Provided material —
——
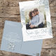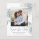 Cette belle conception caractéristiques enregistrer un code QR mariage date avec le site internet en ligne pour plus d'informations, une photo à la date simple, avec feuillage bleu floral poussiéreux, un modèle de disposition d'image photo, un élégant couple moderne engagé photo, un feuille de fleurs botaniques mariage, photos fiançailles budget carte postale, avec script de brosse calligraphie tendance, un minimaliste style style style moderne, pographie moderne script de calligraphie ush, simple enregistrer la date avec élégant modèle rose floral
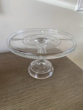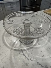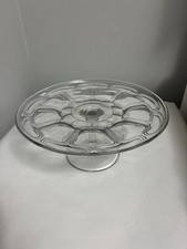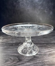 Vintage Antique Early American Clear Tall Glass Cake Stand 7.5” H X 10.5” W
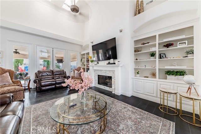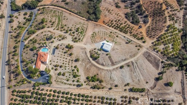 The home spans over 3,000 square feet of refined living space, beginning with a grand entry framed by soaring 20-foot ceilings and flooded with natural light. The great room showcases Italian-inspired architectural columns, custom built-ins, and an elegant fireplace that sets the tone for the rest of the residence. The gourmet kitchen is designed for both function and entertaining, featuring a large island with 6-burner cooktop, granite countertops, custom cabinetry, double convection ovens, abundant storage, and an effortless flow into the dining and family room areas. Living is easy on the main floor thanks to a spacious primary suite complete with dual walk-in closets, his-and-hers sinks, a vanity, oversized soaking tub, and a large walk-in shower. French doors open directly to the backyard, providing seamless access to the resort-style pool, heated spa, and covered outdoor entertaining area with wet bar and sink. The downstairs also includes a versatile 4th bedroom or office with French doors. Upstairs, two expansive bedroom suites each offer private balconies with sweeping vistas of the surrounding groves and hills. The grounds offer endless possibilities—gentle terrain ideal for vineyards, additional orchards, future guest house construction, or a sports court. A steel workshop/RV barn with electricity, oversized three-car garage, excellent security system, central vacuum, and extensive parking for 12+ vehicles round out this exceptional property. This is more than a home—it is a rare hilltop sanctuary blending luxury, privacy, natural beauty, and agricultural potential into one extraordinary offering.
——
The task —
Provide the lines again, unchanged, from where the data above begins through the line containing "Vintage Antique Early", both ends included, omitting pictures and adding nothing.

Exercise result —
 Cette belle conception caractéristiques enregistrer un code QR mariage date avec le site internet en ligne pour plus d'informations, une photo à la date simple, avec feuillage bleu floral poussiéreux, un modèle de disposition d'image photo, un élégant couple moderne engagé photo, un feuille de fleurs botaniques mariage, photos fiançailles budget carte postale, avec script de brosse calligraphie tendance, un minimaliste style style style moderne, pographie moderne script de calligraphie ush, simple enregistrer la date avec élégant modèle rose floral
 Vintage Antique Early American Clear Tall Glass Cake Stand 7.5” H X 10.5” W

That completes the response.